Other types of warranties are not so firmly entrenched in federal maritime law and the courts look to state law to determine the effect of their breach. The law in most states is consistent with the federal admiralty rule that a policy is void if a warranty is breached even if the breach was not causally related to the casualty. The reason for the rule is the practical difficulty faced by insurers in assessing a risk on a vessel. However, the law in a few states requires a connection between the breach of warranty and the loss, for coverage to be void.

For example, in Insurance Company of North America v. San Juan Excursions, Inc. 2006 AMC 2758 (W.D.Wash. 2006) the policy covered a whale-watching vessel and contained a lay-up warranty requiring the vessel to be laid up afloat from January 1 to April 14. In mid March the vessel sailed from its home berth of Friday Harbor to a shipyard in Port Angeles. Thereafter, a shipyard worker was injured aboard the vessel. The insurer filed a lawsuit against the vessel owner and the injured worker seeking a judgment of no coverage because of the breach of the policy’s lay-up warranty. Following the Wilburn Boat decision, the district court first considered whether there was any well-established federal admiralty law about strict compliance with a lay- up warranty. The court noted: 1) very few courts had addressed whether a lay-up warranty requires strict compliance under federal admiralty law; and 2) no court had concluded there was an established federal admiralty rule on the issue. Because the court felt no need to fashion a federal admiralty rule about lay-up warranties, it held Washington state law applied to determine the effect of the breach of the lay-up warranty. Under Washington law, a breach of an express warranty in a policy does not void coverage unless the breach contributed to the loss or increased the risk of the type of loss sustained. In that case, there were disputed issues of fact on whether the breach of the lay-up warranty contributed to the loss or increased the risk of loss, which disputes precluded the court from deciding, without a trial, whether coverage was void.

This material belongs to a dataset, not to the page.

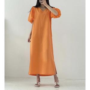 슈팅스타 / 브이넥 퍼프소매 하늘 허리 고무밴딩 A라인 원피스
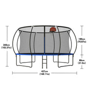 Pumpkin 14 Ft Outdoor Trampoline With Basketball Hoop Enclosure Net Ladder And Metal - Black / Blue

Breach of Warranty Excused
There are circumstances under which a breach of an express policy warranty may be excused so that coverage is not void. The breach may be excused and not void coverage if it occurs to save a life. Also, if the breach of warranty is caused by a peril covered under the policy, the breach will not void coverage. For example, in US Fire Ins. Co. v. Cavanaugh 732 F.2d 832 (11th Cir. 1984), the captain of a fishing vessel took the vessel outside of the geographical limits in the policy contrary to the orders of the vessel owner. While outside the geographical limits, the vessel was lost due to stranding. The court held the efficient proximate cause of the loss was barratry by the captain, which caused the vessel to breach the navigation warranty in the policy. Under those circumstances, the policy was not void.


Breach of Warranty Endorsement
When the purchase of a vessel is financed, the financing agreement often requires the purchaser to obtain a hull policy with a breach of warranty endorsement in it. Under such endorsement, if the insured purchaser breaches a warranty and voids coverage for a loss, the bank or other financial institution is still entitled to payment under the policy to the extent of its interest.
Hull and P & I Policy Warranties Summarized

Hull and P & I policies frequently contain warranties. Under federal law and the law of most states, a breach of those warranties results in the voiding of coverage under the policy, even if the breach of warranty is not related to the casualty for which coverage is sought. Only a few states require a causal connection between the breach of a policy warranty and a loss, to void coverage. A vessel owner should not overlook warranties in a hull or P & I policy. Doing so may result in coverage not being available when it is needed.